SUPPLIED DATA ▸
Start of Block
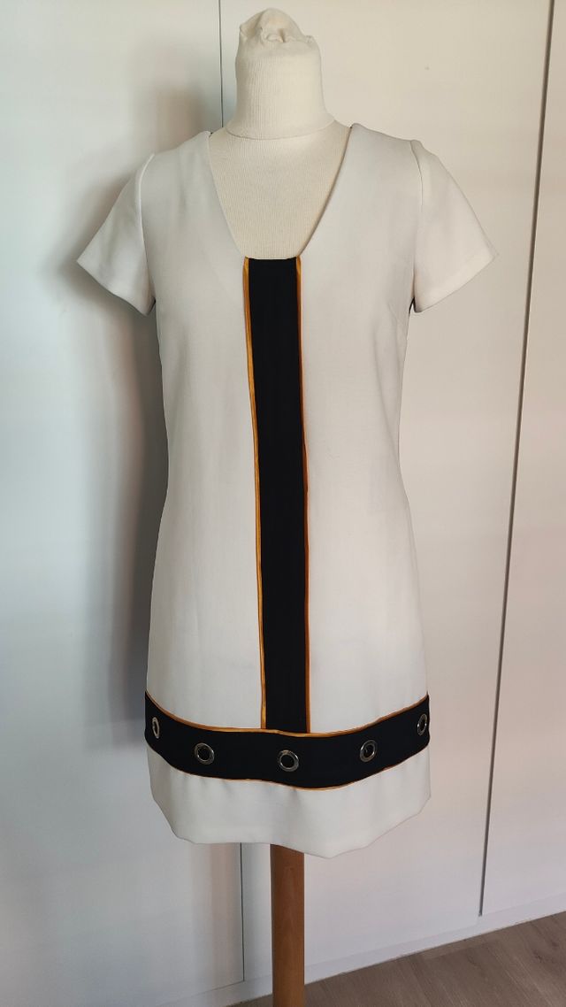 Vestido corto blanco negro estilo 60 M38
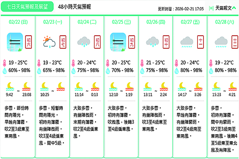 預測今日多雲,部份時間有陽光。早晚有薄霧。吹二至三級東至東南風。氣溫約為攝氏十九至廿五度。相對濕度介乎百分之六十至九十八之間。預測最高紫外線指數約為七,級別屬於高。◇
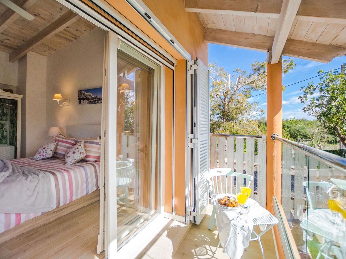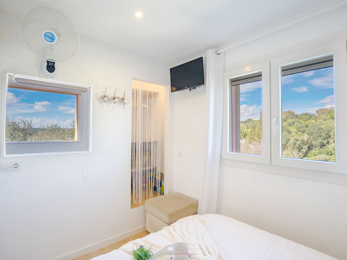 1 chambre double avec baie vitrée avec 1 grand-lit (135 cm), ventilateur.
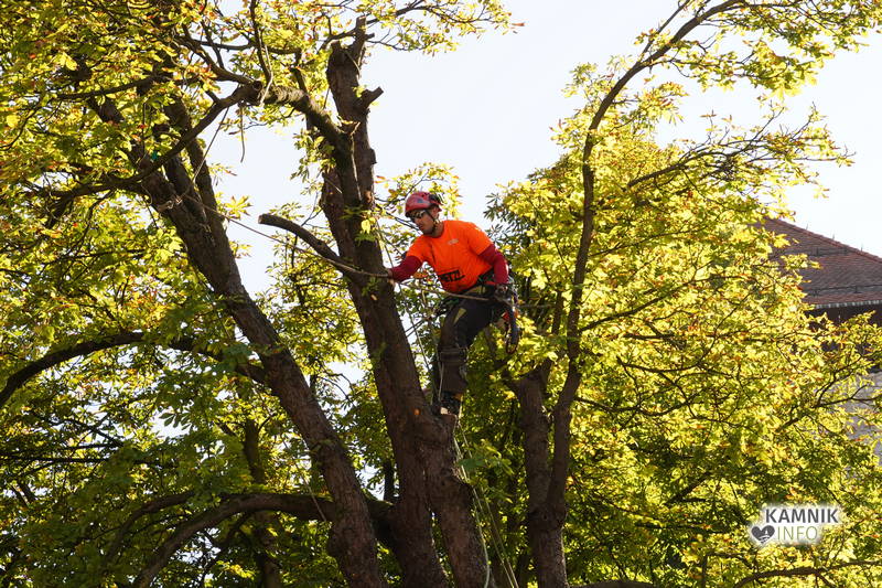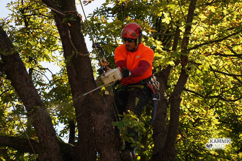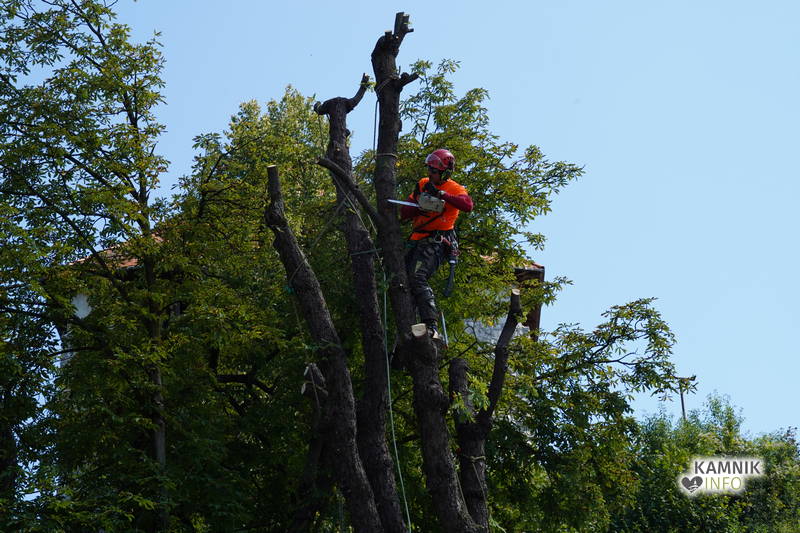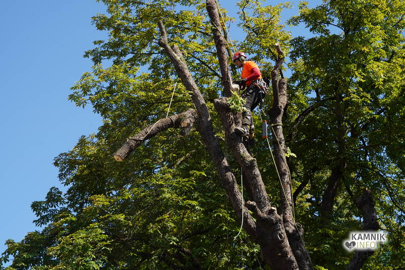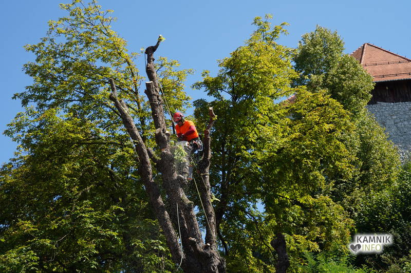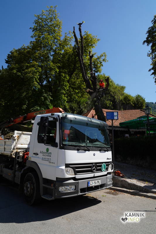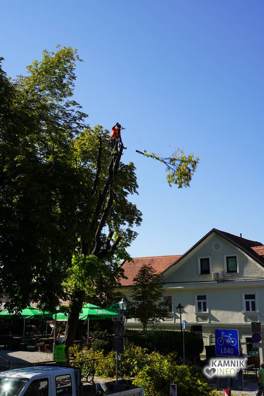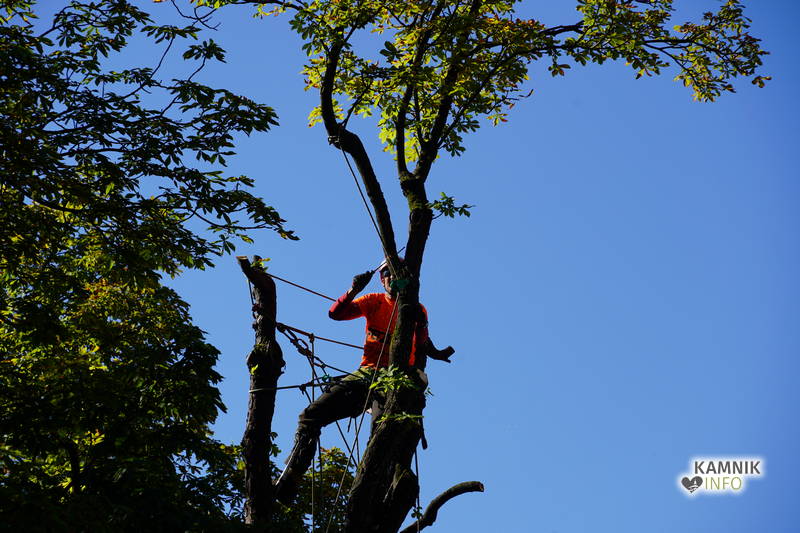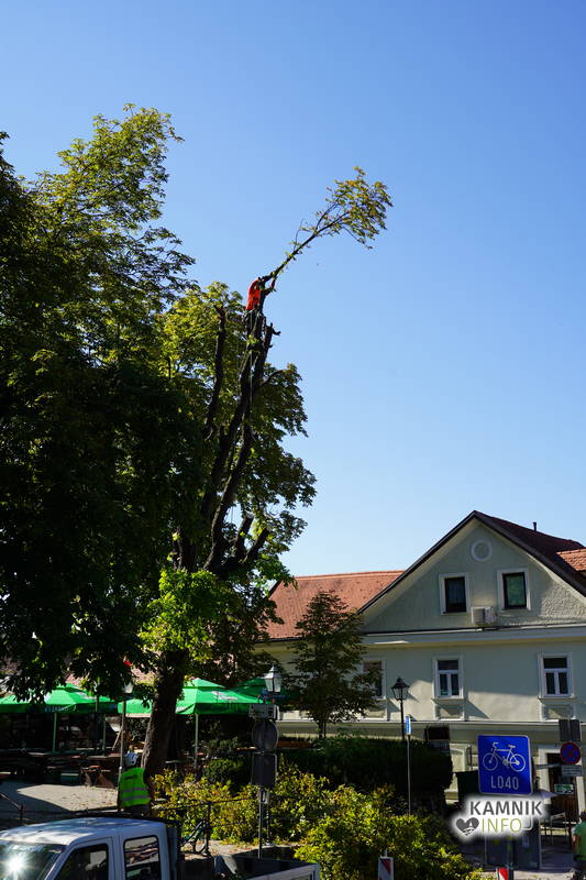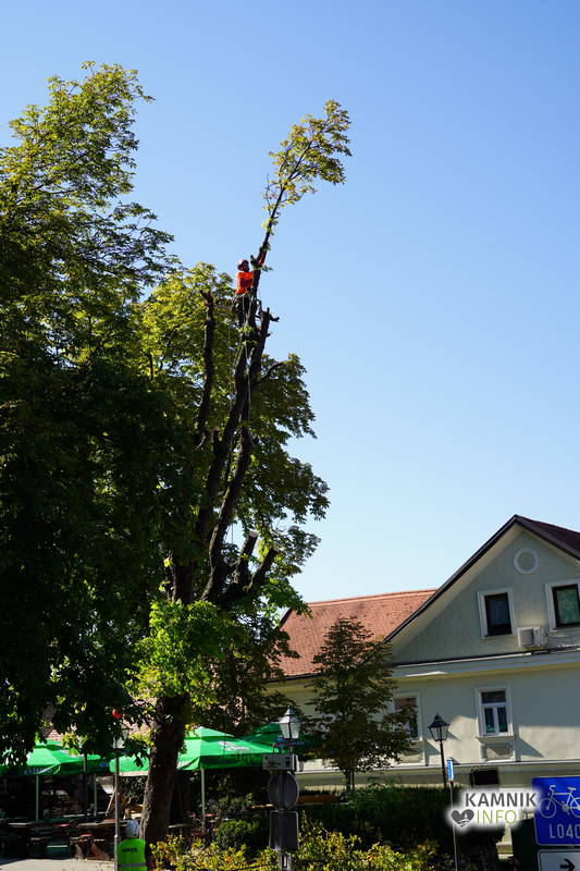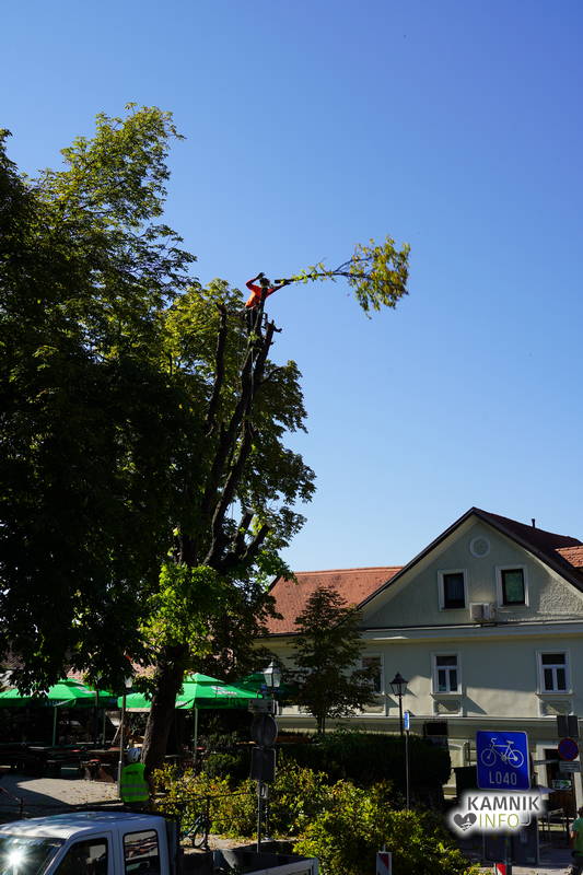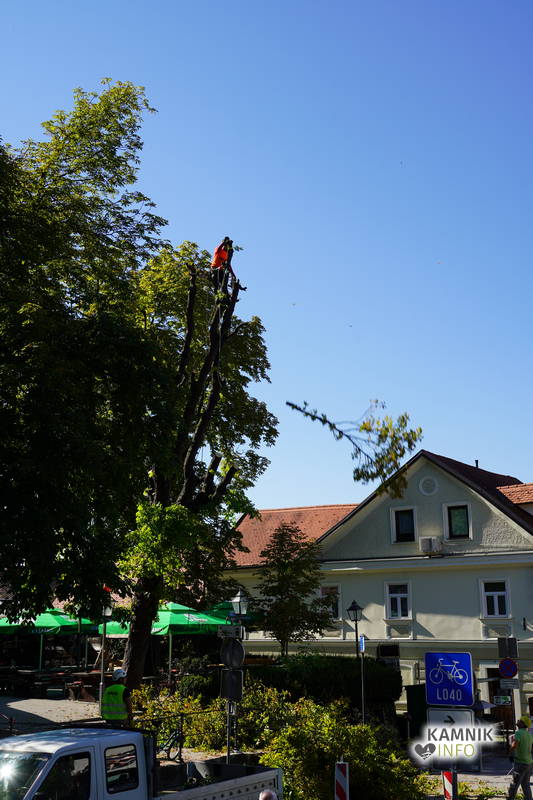 Včerajšnje dopoldansko dogajanje v središču Kamnika je v veliki meri zaznamovalo zahtevno in atraktivno odstranjevanje starega divjega kostanja na vrtu okrepčevalnice Pod gradom, ki se je že dlje časa in vse bolj nevarno nagibal nad ulico.
End of Block
EXERCISE GOAL ▸ Inclusive range, exact copy: the line containing "1 chambre double" through the last line of the listing. Print nothing else, and no pictures.

THE ANSWER ▸
 1 chambre double avec baie vitrée avec 1 grand-lit (135 cm), ventilateur.
 Včerajšnje dopoldansko dogajanje v središču Kamnika je v veliki meri zaznamovalo zahtevno in atraktivno odstranjevanje starega divjega kostanja na vrtu okrepčevalnice Pod gradom, ki se je že dlje časa in vse bolj nevarno nagibal nad ulico.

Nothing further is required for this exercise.